Paper 2 likely has higher scientific impact because it introduces a large, multilingual benchmark plus a multi-metric evaluation framework that can become a community standard for assessing programmatic spatial-temporal reasoning—broadly useful across LLM code generation, vision-language, graphics, and evaluation research. The “Execution-Spatial Gap” is a clear, general diagnostic finding that can redirect research priorities. Paper 1 is novel and relevant for multi-task unlearning, but its scope is narrower (specific to unlearning in shared-backbone multi-task models) and may impact a smaller set of downstream applications.

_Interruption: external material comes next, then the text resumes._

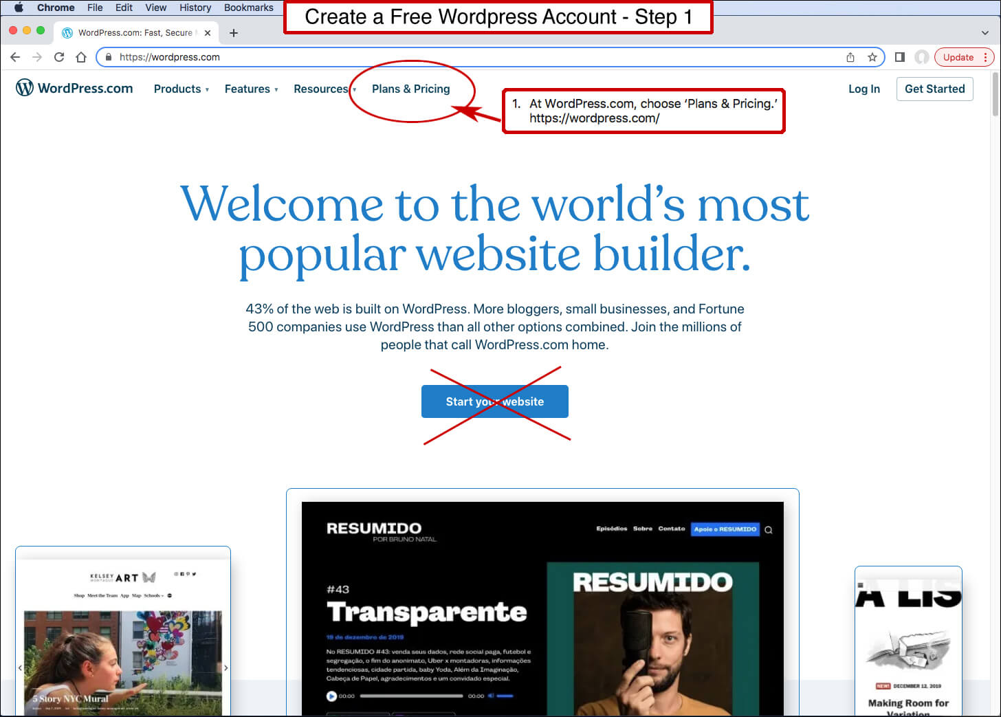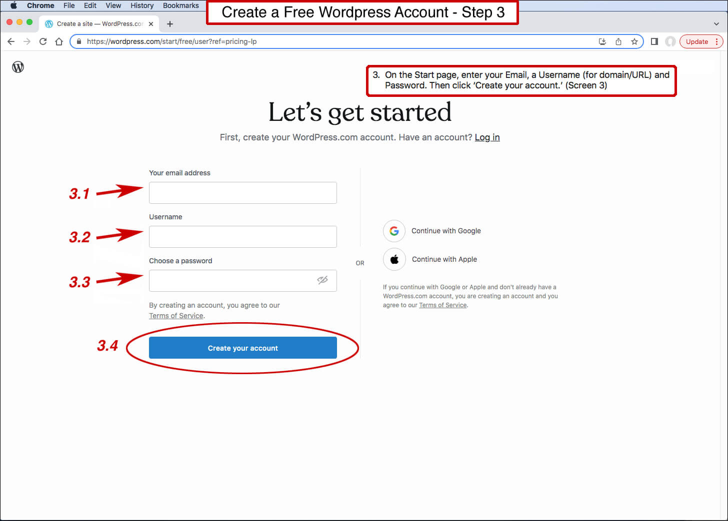 Five steps to create a Free WordPress account with a website and/or blog.

vs. Robotics-Inspired Guardrails for Foundation Models in Socially Sensitive Domains

gemini-3.15/20/2026

Paper 2 offers a highly novel, cross-disciplinary approach by applying robotics control theory to LLM safety, shifting the paradigm from static output filtering to dynamic interaction trajectory control. Its application in highly sensitive, real-world domains like autism therapy and school de-escalation demonstrates exceptional potential for broad societal and scientific impact. While Paper 1 provides a valuable large-scale benchmark for programmatic video generation, Paper 2 tackles a more urgent, generalized bottleneck in AI safety with rigorous, real-world validation and broader interdisciplinary relevance.